Working mom or SAHM?

And a million other decisions, big and small, that people on both sides feel are all life or death decisions. No matter what you choose for your children, there’s going to be someone telling you it’s the wrong choice.

Parenthood is full of stressful choices under normal circumstances, but being stuck at home with your kids brings with it new and different choices that none of us have ever faced.

Do we push for doing the schoolwork, or let them play outside?

Do we cancel the Zoom meeting to do a science project, or turn on Disney+ while on Zoom?

Do we go to the store each week, or stock up like the apocalypse and bar the doors?

How do we balance work, kids, life, school, chores, and the stress of facing all of this with a faceless threat right outside our doors?

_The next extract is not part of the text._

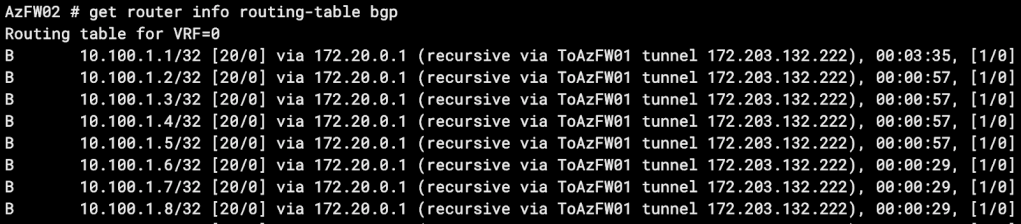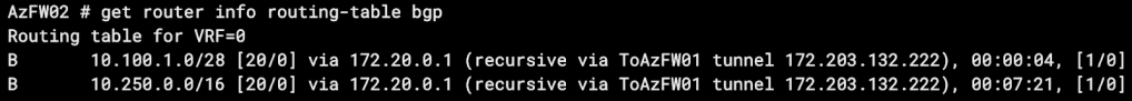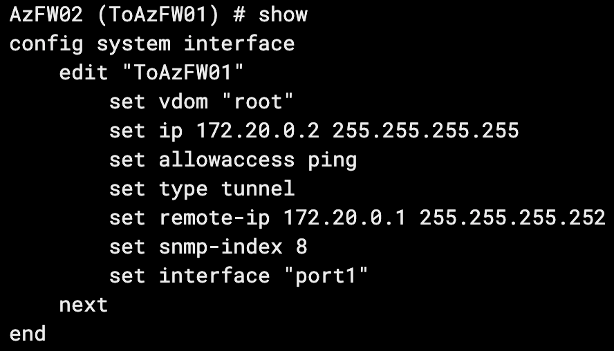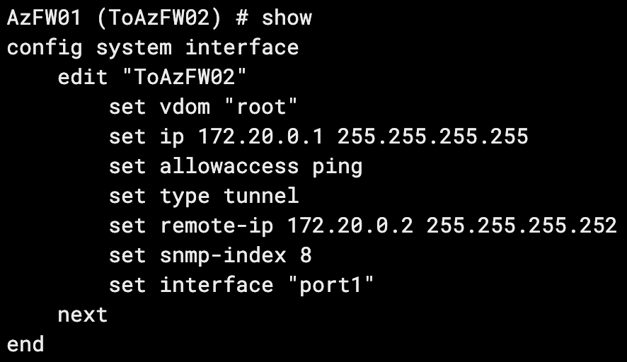 For this example, my lab is running two Azure FortiGate VMs, connected via an IPSec tunnel. Our loopbacks and tunnel IPs are as follows:

So, it’s natural that I find myself worrying about the lasting effects of this period of uncertainty on my children. My daughter, 5, and my son, 2, only know that they get to stay home with mom all the time. My daughter had her fifth birthday while under the Stay At Home Order. We explained to her that there was a sickness and that we couldn’t have the party she wanted. We did video calls all day with beloved friends and family members, decorated the house, and held a big Princess Tea Party.

She seemed to have fun, but as her mother I still worry. She hasn’t had peers to play with for almost two months. What will this do to her social maturity? She had just started in a new Pre-Kindergarten program at her daycare/preschool. She was only there two months before the world blew up. What will that do to her academic abilities?

And my son — he was getting speech intervention before we were stuck at home. What will that do to his future language abilities, which will effect his success in school, which will then determine his overall success in life?!?

My 5-yo was supposed to start the next level of gymnastics. Will she now miss her chance in the Olympics?

My 2-yo was supposed to start swimming lessons. Will he now struggle with being comfortable in water?

It may seem excessive to worry this much, but if you’re a parent living through this time, you probably understand. What if you miss a day, or a week, of math instruction or writing assignments? What if you have to work, or are a single parent, or have some other unforeseeable circumstance that make it impossible for you to keep up with remote learning?

What if we get sick? What if our children get sick? What if someone near and dear to our children gets sick?

What do we do when those ‘what if’s’ threaten our sanity, our ability to do the things we need to do? You do what you do in the face of any stress.

Breathe. Accept. Let go. Be in the moment. And all of those other cliche-y things that are sometimes annoying. Because they work.

We can’t control what comes tomorrow, or even what comes in the next hour.
We can control how we react, and how we teach our children to react.
We can control how we guide ourselves and our children through these scary times.

So, I don’t know about you, but I’m going to turn off the worry-committee in my head, get my 2-yo up from his nap, get both kids their afternoon snack, and go play outside with them while it’s sunny. After that, I’m going to do the next right thing in front of me to care for myself and these two beautiful people in my care.

I wish all of us sunny days, free of worry and fear, full of special times together that our kids will look back on with fondness. Perhaps, who knows, one day our kids will say, “Remember that time we all stayed home together? I really liked that.”